One Blacktip Island scuba company has begun hauling divers aboard with commercial conveyor belts to cut down on boarding ladder injuries in rough seas. (photo courtesy of Leah Shore)

A Blacktip Island scuba resort stirred controversy Wednesday when it announced plans to use conveyor belts commonly used in the fishing industry to haul divers back onto its dive boats.

“This’s a safety issue. I don’t know why folks are getting all up in arms,” Eagle Ray Divers operations manager Ger Latner said. “It’s winter. The seas are rough. A lot of our divers don’t understand how dangerous the boarding ladders can be. When there’s six-foot swells rolling through, and divers’re lollygagging on the ladders getting their fins off, that dog’ll bite you.

“This isn’t some ride at Disney. People can get hurt,” Latner said. “They’re on the ladder for four, five waves, getting the living snot beat out of them. We’re tired of bandaging them up. And cleaning up the decks.”

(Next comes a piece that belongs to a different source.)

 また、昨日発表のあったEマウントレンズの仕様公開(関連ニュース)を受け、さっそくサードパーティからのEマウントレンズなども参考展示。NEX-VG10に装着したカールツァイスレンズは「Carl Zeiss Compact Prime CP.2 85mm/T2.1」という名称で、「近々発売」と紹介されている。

The resort’s solution was to install marine conveyor belts to lift divers onboard.

“It’s a variation on the belts commercial fishing boats use to land their catch,” Eagle Ray Cove owner Rich Skerritt said. “We call it the ‘Magic Carpet’ that sweeps divers back aboard. Guests swim up, grab ahold, and the belt feeds them up to the midships gunwale where our staff can sort them out.

“Some of our guests are big people, too, with lots of weight in their BCs,” Skerritt said. “This makes things way easier on our staff. It’s good for divers, good for our divemasters and keeps out ladders from getting damaged. There’s really no downside.”

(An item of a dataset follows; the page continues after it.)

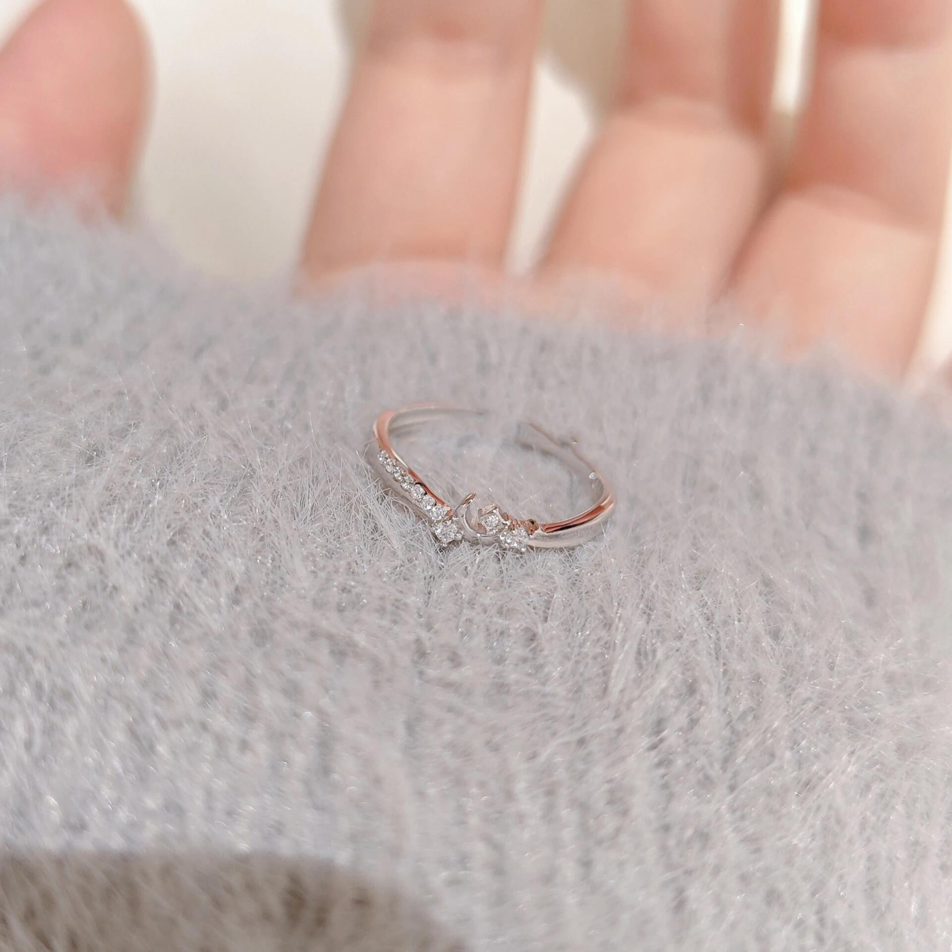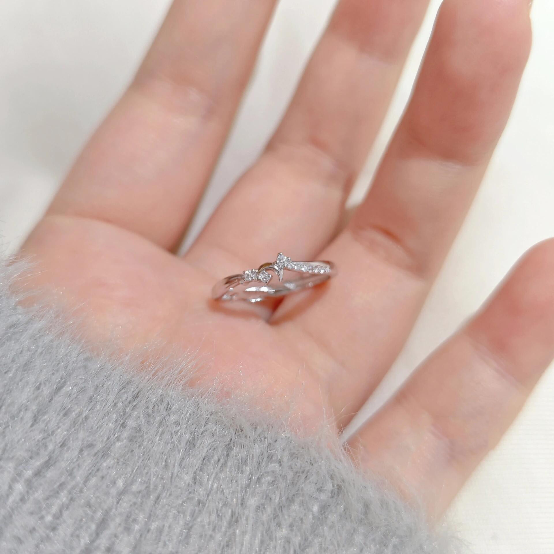 满钻银色星月素圈戒指女款独特小众设计食指戒轻奢高级感精致指环

Many dive guests are not pleased with the new system.

“It’s not dignified, being dragged up a ramp like that, arse over appetite, and plopped on the deck like a hooked cod,” Carrie Coney said. “They’re treating paying guests like netted fish. And likening us to beached whales.”

Others praised the new belts.

“For me, it added another bit of fun to the dive,” Rosie Blenny said. “I got to look at fish, then had a nice ride afterwards. If people are worried about looking like beached whales, well, that’s not the Magic Carpet’s fault.”

Eagle Ray Divers staff stressed the belts’ efficiency.

“It’s not about the guests liking it or not. It’s about getting them back onboard without bloodshed,” divemaster Marina DeLow said. “They bearhug the ladder 20, 30 seconds in rough seas, it gets messy. We tell them to think of it as the moving carpet on the bunny slope at a ski resort.”

Other resorts are watching the belt-loaded divers closely.

“If it works out and cuts down injuries, we may try the same thing ourselves,” Club Scuba Doo owner Ham Pilchard said. “We’re looking at installing a forward-facing belt that’ll scoop surfaced divers up as the boat idles past without them having to do anything but just float there.”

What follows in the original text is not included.